Economía / Profesores / Planta / Bernal Raquel / Publicaciones
Bernal Raquel - Publicaciones
Parental Leave Policies, Welfare and the Distribution of Income with Anna Fruttero. Journal of Population Economics 21:779-825, 2008.31/10/2008
This paper uses a general equilibrium model of marriage and divorce to assess how public policies on maternity and paternity leave and leave benefits affect intra-household decision making, family structure, intergenerational mobility and the distribution of income. We calibrated our model to replicate some characteristics relevant to the interaction between the marriage and labor market. We start with a benchmark economy in which women take time off with their children. We then analyze how this economy is affected by three different parental leave policies: availability of paternity leave, paid maternity leave benefits and paid paternity and maternity leave benefits.
The Effect of Maternal Employment and Child Care on Children s Cognitive Development. International Economic Review, Vol. 49, No. 4, pp. 1173-1209, 2008.
31/10/2008
This paper develops and estimates a dynamic model of employment and child care decisions of women after childbirth in order to evaluate the effects of maternal employment and daycare choices on children's cognitive ability. We use data from the NLSY to estimate the model. Results indicate that the effects of maternal employment and child care on children's ability are negative and rather sizable. In fact, having a full-time working mother who uses child care during one of the first five years after childbirth is associated with a 1.8 percent reduction in the child's test scores. Based on the estimates of the model, we assess the impact of policies related to parental leave, child care and other incentives to stay at home after childbirth on women's decisions and children's outcomes.

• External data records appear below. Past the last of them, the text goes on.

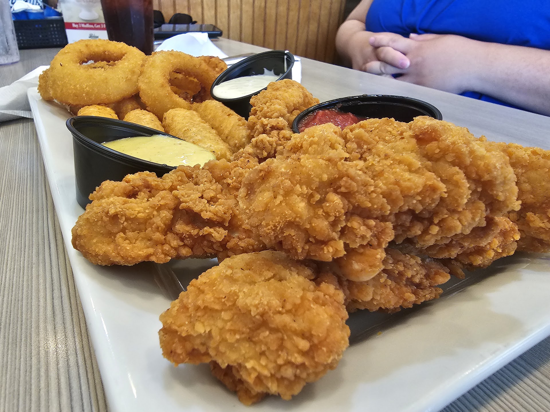 Read moreThis is the firt tine I walked out. We were seated next to the far wall left hand sude facing E Mason, third booth from the end . We were given our menu's and asked if we wanted a beverage or just water. I thought just water huh. We got coffee and it started Ithe cream. I was with my friend...she says there was an odor....and then she says...hmmm Is the creamer supposed to have chunks. I am like ? I smell an odor....it smells like a personal hygenie swear odor. I said..likel old grease and then some. She said no. I almost (lost is right there). Ok..we asked for extra time to order. Was left a little too long. Got a new coffee and fresh cream..cold. Their expiration dates on the creamer. Use them people! And on a busy Saturday to boot. We were annoyed but forgiving. We saw 6 booths come and go.....eating there food mind you. My friend said lets go and pay for coffee and go. As we go to pay..our coffee waitress asked if we wanted our food to go? My friend said no like what food....the waitress said , yes. Sorry..was given a hairy eyball from my friend..no just pay for the coffee. She said sorry....But gross....do you know they whear black hoodies and most over their T shirts. Wiped hands on shirt and no hamper. Oh ya and the bathroom was disgusting....not on my watch.? Will...
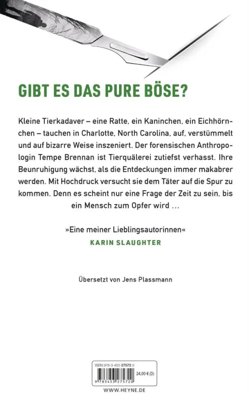 Kleine Tierkadaver – eine Ratte, ein Kaninchen, ein Eichhörnchen – tauchen in Charlotte, North Carolina, auf, verstümmelt und auf bizarre Weise inszeniert. Der forensischen Anthropologin Tempe Brennan ist Tierquälerei zutiefst verhasst. Ihre Beunruhigung wächst, als die Entdeckungen immer makabrer werden. Mit Hochdruck versucht sie dem Täter auf die Spur zu kommen. Denn es scheint nur eine Frage der Zeit zu sein, bis ein Mensch zum Opfer wird . . .
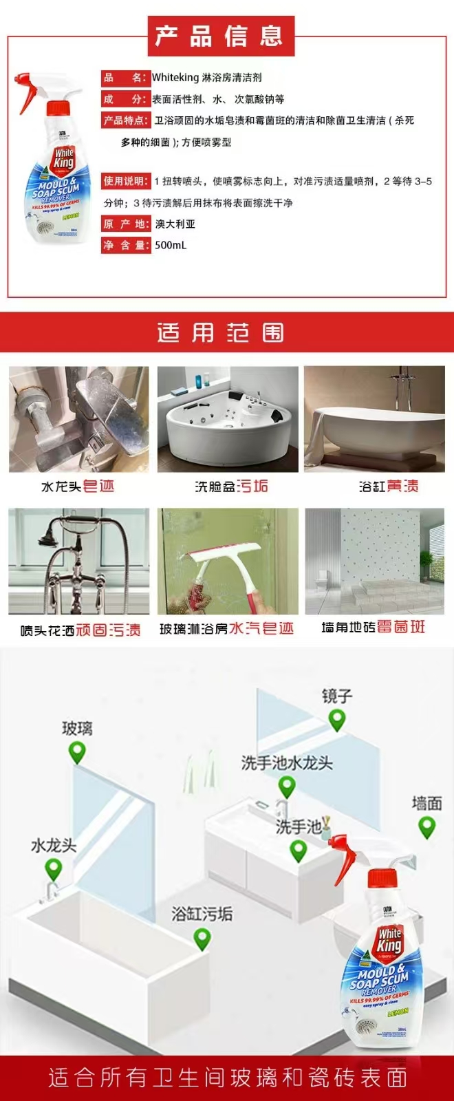 洁白王多用途清洁剂除水垢除霉菌污垢柠檬香型

Quasi-structural Estimation of a Model of Child Care Choices and Child Cognitive Ability Production” (with Michael Keane). Forthcoming Journal of Econometrics, 2009
31/10/2008
This paper evaluates the effects of maternal vs. alternative care providers time inputs on children s cognitive development using the sample of single mothers in the National Longitudinal Survey of Youth. To deal with the selection problem created by unobserved heterogeneity of mothers and children, we develop a model of mother s employment and child-care decisions. Guided by this model, we obtain approximate decisions rules for employment and child care use, and estimate these jointly with the child s cognitive ability production function, an approach we refer to as quasi-structural. This joint estimation implements a selection correction.
To help identify our selection model, we take advantage of the substantial and plausibly exogenous variation in employment and child-care choices of single mothers generated by the variation in welfare rules across states and over time, especially, the large changes created by the 1996 welfare reform legislation and earlier State waivers. Welfare rules provide natural exclusion restrictions, as it is plausible they enter decision rules for employment and day care use, while not entering the child cognitive ability production function directly.
Our results imply that if a mother works full-time, while placing a child in day care, for one full year, it reduces the child s cognitive ability test score by roughly 2.7 percent on average, which is 0.14 standard deviations of the score distribution. However, we find evidence of substantial observed and unobserved heterogeneity in the day care effect. Negative effects of day care on test scores are larger for better-educated mothers and for children with larger skill endowments.